*** Begin section ***
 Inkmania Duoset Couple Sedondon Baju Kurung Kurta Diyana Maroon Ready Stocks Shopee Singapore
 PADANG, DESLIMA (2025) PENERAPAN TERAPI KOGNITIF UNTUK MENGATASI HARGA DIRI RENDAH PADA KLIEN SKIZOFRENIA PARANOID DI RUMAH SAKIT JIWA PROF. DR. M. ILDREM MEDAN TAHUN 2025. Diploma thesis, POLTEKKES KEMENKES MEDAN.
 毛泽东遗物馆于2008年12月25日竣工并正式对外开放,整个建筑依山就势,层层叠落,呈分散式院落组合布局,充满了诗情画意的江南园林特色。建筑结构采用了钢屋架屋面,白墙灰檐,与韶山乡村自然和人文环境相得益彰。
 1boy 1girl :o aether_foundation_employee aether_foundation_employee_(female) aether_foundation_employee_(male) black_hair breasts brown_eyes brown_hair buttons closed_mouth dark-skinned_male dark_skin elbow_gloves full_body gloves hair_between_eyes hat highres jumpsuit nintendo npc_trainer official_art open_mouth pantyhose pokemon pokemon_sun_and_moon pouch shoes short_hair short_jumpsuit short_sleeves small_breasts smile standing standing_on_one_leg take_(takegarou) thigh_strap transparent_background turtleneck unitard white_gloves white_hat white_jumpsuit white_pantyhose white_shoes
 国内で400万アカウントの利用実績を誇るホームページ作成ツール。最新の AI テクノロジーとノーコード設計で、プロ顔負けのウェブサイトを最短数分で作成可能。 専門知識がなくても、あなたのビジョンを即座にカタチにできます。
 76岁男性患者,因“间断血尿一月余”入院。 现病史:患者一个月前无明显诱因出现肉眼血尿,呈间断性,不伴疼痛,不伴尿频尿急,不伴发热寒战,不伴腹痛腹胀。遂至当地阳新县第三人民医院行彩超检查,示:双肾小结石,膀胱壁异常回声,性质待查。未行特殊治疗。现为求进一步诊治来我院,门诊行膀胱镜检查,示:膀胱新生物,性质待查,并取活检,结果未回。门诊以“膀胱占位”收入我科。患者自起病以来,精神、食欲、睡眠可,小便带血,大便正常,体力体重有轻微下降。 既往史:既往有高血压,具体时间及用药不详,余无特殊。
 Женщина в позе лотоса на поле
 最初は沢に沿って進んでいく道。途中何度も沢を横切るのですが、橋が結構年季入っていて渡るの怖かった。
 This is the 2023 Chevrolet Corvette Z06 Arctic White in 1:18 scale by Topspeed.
*** End section ***
Output all of the material exactly.

> _Task answer_
 Inkmania Duoset Couple Sedondon Baju Kurung Kurta Diyana Maroon Ready Stocks Shopee Singapore
 PADANG, DESLIMA (2025) PENERAPAN TERAPI KOGNITIF UNTUK MENGATASI HARGA DIRI RENDAH PADA KLIEN SKIZOFRENIA PARANOID DI RUMAH SAKIT JIWA PROF. DR. M. ILDREM MEDAN TAHUN 2025. Diploma thesis, POLTEKKES KEMENKES MEDAN.
 毛泽东遗物馆于2008年12月25日竣工并正式对外开放,整个建筑依山就势,层层叠落,呈分散式院落组合布局,充满了诗情画意的江南园林特色。建筑结构采用了钢屋架屋面,白墙灰檐,与韶山乡村自然和人文环境相得益彰。
 1boy 1girl :o aether_foundation_employee aether_foundation_employee_(female) aether_foundation_employee_(male) black_hair breasts brown_eyes brown_hair buttons closed_mouth dark-skinned_male dark_skin elbow_gloves full_body gloves hair_between_eyes hat highres jumpsuit nintendo npc_trainer official_art open_mouth pantyhose pokemon pokemon_sun_and_moon pouch shoes short_hair short_jumpsuit short_sleeves small_breasts smile standing standing_on_one_leg take_(takegarou) thigh_strap transparent_background turtleneck unitard white_gloves white_hat white_jumpsuit white_pantyhose white_shoes
 国内で400万アカウントの利用実績を誇るホームページ作成ツール。最新の AI テクノロジーとノーコード設計で、プロ顔負けのウェブサイトを最短数分で作成可能。 専門知識がなくても、あなたのビジョンを即座にカタチにできます。
 76岁男性患者,因“间断血尿一月余”入院。 现病史:患者一个月前无明显诱因出现肉眼血尿,呈间断性,不伴疼痛,不伴尿频尿急,不伴发热寒战,不伴腹痛腹胀。遂至当地阳新县第三人民医院行彩超检查,示:双肾小结石,膀胱壁异常回声,性质待查。未行特殊治疗。现为求进一步诊治来我院,门诊行膀胱镜检查,示:膀胱新生物,性质待查,并取活检,结果未回。门诊以“膀胱占位”收入我科。患者自起病以来,精神、食欲、睡眠可,小便带血,大便正常,体力体重有轻微下降。 既往史:既往有高血压,具体时间及用药不详,余无特殊。
 Женщина в позе лотоса на поле
 最初は沢に沿って進んでいく道。途中何度も沢を横切るのですが、橋が結構年季入っていて渡るの怖かった。
 This is the 2023 Chevrolet Corvette Z06 Arctic White in 1:18 scale by Topspeed.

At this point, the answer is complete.